**About this task**
The listing below holds pictures; exclude them. Return exactly the lines from the one with "Buleleng - Suasana" through the one with "夜幕降临,华灯初上。演出在开".

**Available data**

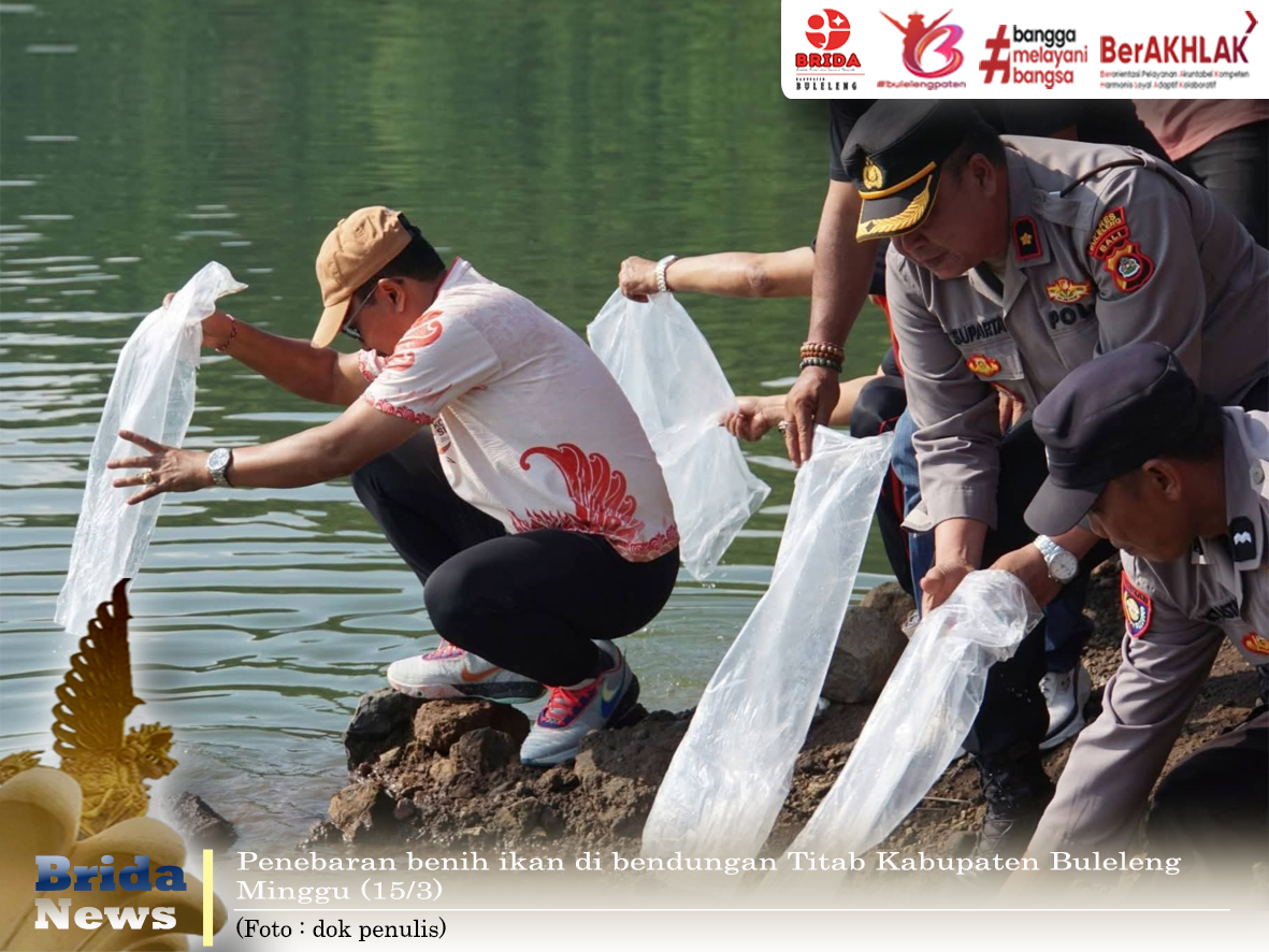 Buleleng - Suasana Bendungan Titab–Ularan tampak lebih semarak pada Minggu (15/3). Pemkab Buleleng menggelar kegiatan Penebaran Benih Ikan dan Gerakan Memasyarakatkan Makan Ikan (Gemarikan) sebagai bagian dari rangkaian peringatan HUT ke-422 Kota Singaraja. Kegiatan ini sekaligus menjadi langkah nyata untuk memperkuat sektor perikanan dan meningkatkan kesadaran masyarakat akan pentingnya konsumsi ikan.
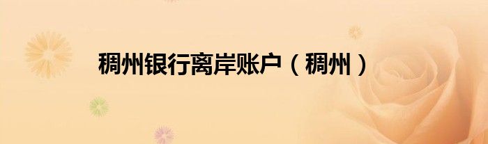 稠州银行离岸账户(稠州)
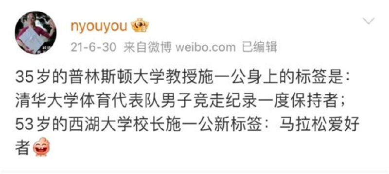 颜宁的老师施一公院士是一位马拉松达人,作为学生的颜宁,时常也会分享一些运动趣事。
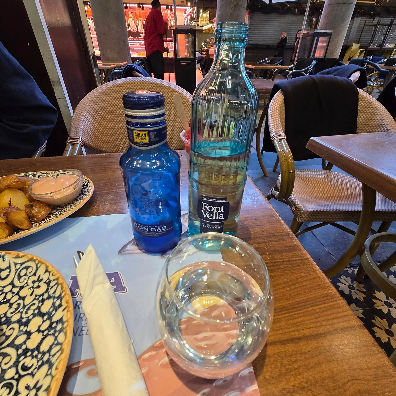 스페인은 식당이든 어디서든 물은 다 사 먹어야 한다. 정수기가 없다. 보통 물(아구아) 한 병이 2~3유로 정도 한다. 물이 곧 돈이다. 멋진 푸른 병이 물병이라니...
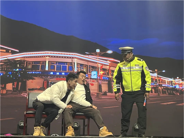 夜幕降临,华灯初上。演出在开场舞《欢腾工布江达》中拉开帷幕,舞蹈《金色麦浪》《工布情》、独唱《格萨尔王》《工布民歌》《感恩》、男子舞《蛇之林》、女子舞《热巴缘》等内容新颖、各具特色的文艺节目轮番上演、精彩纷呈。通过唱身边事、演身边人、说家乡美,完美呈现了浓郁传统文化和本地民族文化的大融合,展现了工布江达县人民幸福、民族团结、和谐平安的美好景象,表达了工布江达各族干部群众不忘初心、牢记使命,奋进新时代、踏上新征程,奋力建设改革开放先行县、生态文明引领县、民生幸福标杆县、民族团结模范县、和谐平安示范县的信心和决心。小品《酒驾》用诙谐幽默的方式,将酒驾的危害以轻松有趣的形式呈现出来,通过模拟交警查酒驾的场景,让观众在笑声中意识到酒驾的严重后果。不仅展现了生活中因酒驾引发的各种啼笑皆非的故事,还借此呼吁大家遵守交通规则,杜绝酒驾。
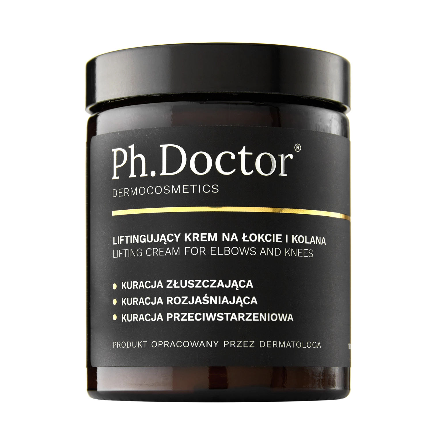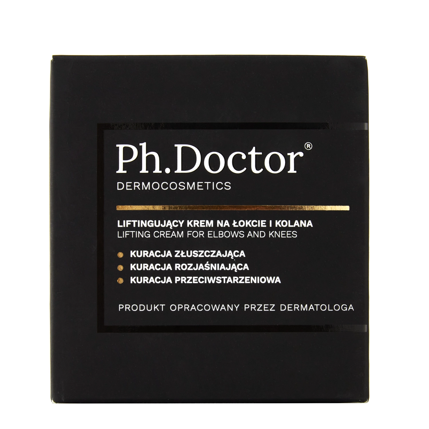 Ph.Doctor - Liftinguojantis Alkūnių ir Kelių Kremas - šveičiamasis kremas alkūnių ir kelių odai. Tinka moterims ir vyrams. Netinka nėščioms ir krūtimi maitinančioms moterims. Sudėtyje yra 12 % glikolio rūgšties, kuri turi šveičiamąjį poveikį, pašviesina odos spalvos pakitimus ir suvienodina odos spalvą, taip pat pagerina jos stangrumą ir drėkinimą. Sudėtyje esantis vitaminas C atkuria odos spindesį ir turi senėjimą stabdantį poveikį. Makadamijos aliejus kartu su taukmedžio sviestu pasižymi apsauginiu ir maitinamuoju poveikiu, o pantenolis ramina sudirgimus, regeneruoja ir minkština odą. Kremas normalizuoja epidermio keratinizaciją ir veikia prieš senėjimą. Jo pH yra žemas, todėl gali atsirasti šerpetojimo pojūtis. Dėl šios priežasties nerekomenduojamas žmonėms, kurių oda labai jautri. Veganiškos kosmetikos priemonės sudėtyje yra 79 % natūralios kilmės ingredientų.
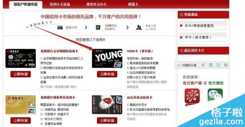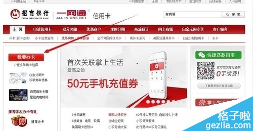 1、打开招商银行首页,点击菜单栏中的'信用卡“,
---
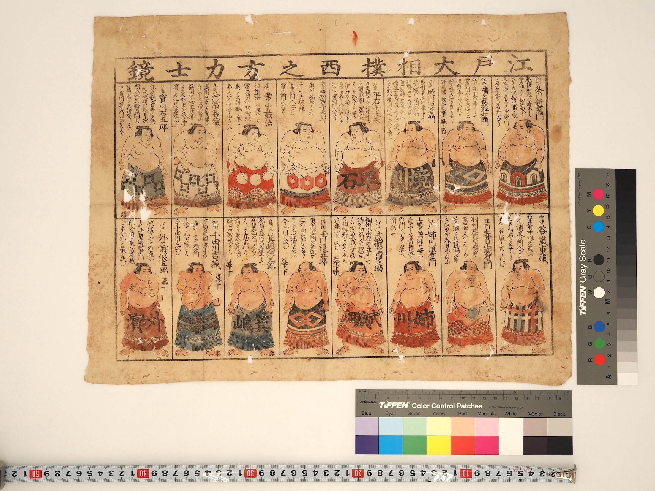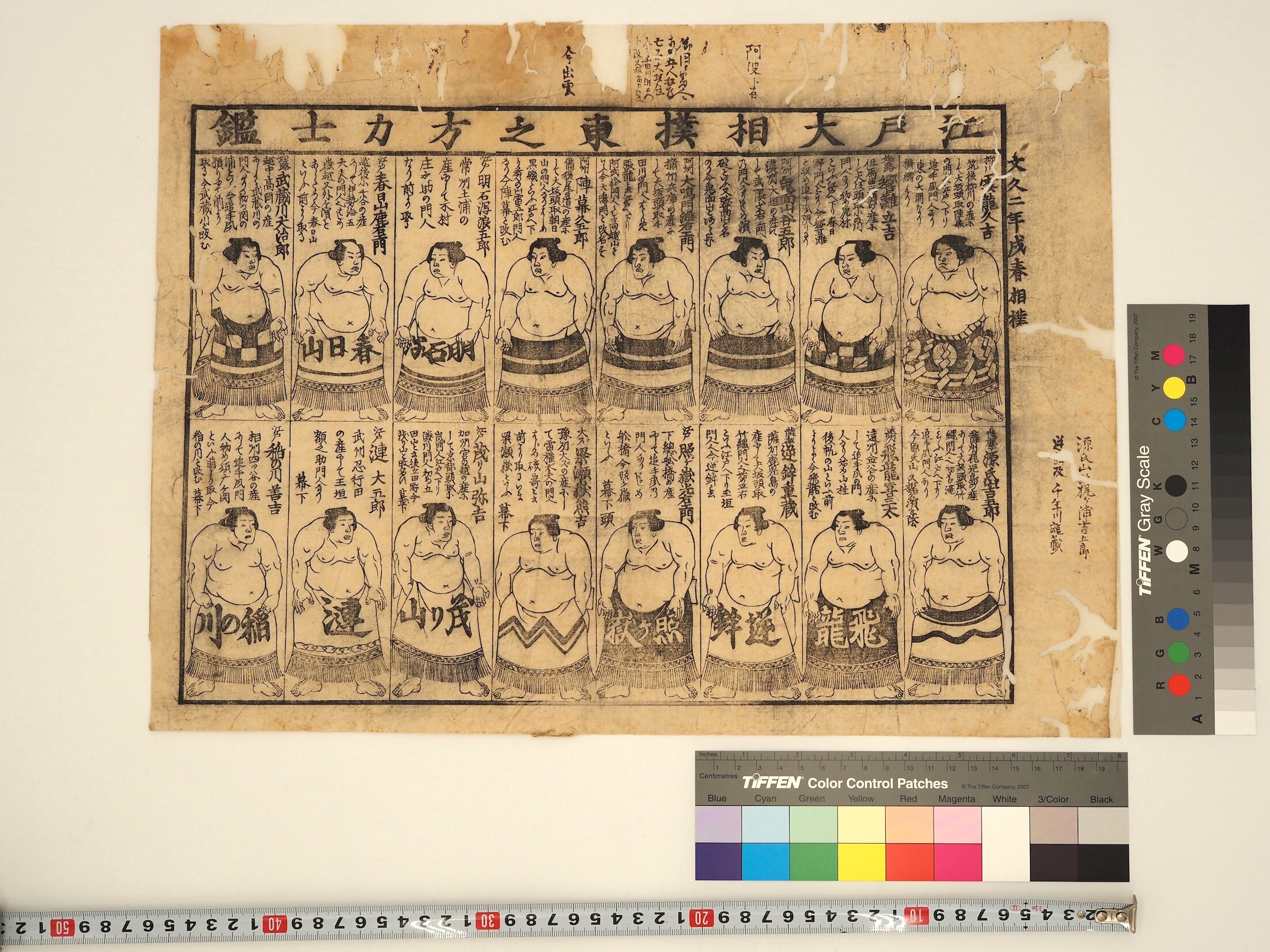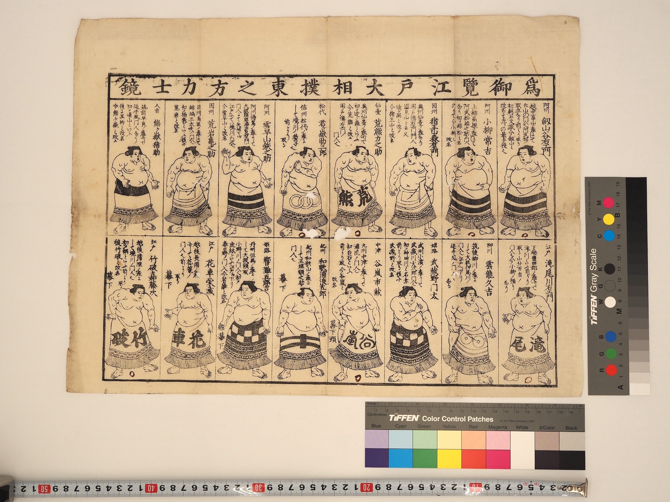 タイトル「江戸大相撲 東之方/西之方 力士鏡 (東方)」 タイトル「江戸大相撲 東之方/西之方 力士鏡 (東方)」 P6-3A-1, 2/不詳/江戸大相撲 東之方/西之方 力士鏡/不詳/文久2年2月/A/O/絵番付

**Response area**
 Buleleng - Suasana Bendungan Titab–Ularan tampak lebih semarak pada Minggu (15/3). Pemkab Buleleng menggelar kegiatan Penebaran Benih Ikan dan Gerakan Memasyarakatkan Makan Ikan (Gemarikan) sebagai bagian dari rangkaian peringatan HUT ke-422 Kota Singaraja. Kegiatan ini sekaligus menjadi langkah nyata untuk memperkuat sektor perikanan dan meningkatkan kesadaran masyarakat akan pentingnya konsumsi ikan.
 稠州银行离岸账户(稠州)
 颜宁的老师施一公院士是一位马拉松达人,作为学生的颜宁,时常也会分享一些运动趣事。
 스페인은 식당이든 어디서든 물은 다 사 먹어야 한다. 정수기가 없다. 보통 물(아구아) 한 병이 2~3유로 정도 한다. 물이 곧 돈이다. 멋진 푸른 병이 물병이라니...
 夜幕降临,华灯初上。演出在开场舞《欢腾工布江达》中拉开帷幕,舞蹈《金色麦浪》《工布情》、独唱《格萨尔王》《工布民歌》《感恩》、男子舞《蛇之林》、女子舞《热巴缘》等内容新颖、各具特色的文艺节目轮番上演、精彩纷呈。通过唱身边事、演身边人、说家乡美,完美呈现了浓郁传统文化和本地民族文化的大融合,展现了工布江达县人民幸福、民族团结、和谐平安的美好景象,表达了工布江达各族干部群众不忘初心、牢记使命,奋进新时代、踏上新征程,奋力建设改革开放先行县、生态文明引领县、民生幸福标杆县、民族团结模范县、和谐平安示范县的信心和决心。小品《酒驾》用诙谐幽默的方式,将酒驾的危害以轻松有趣的形式呈现出来,通过模拟交警查酒驾的场景,让观众在笑声中意识到酒驾的严重后果。不仅展现了生活中因酒驾引发的各种啼笑皆非的故事,还借此呼吁大家遵守交通规则,杜绝酒驾。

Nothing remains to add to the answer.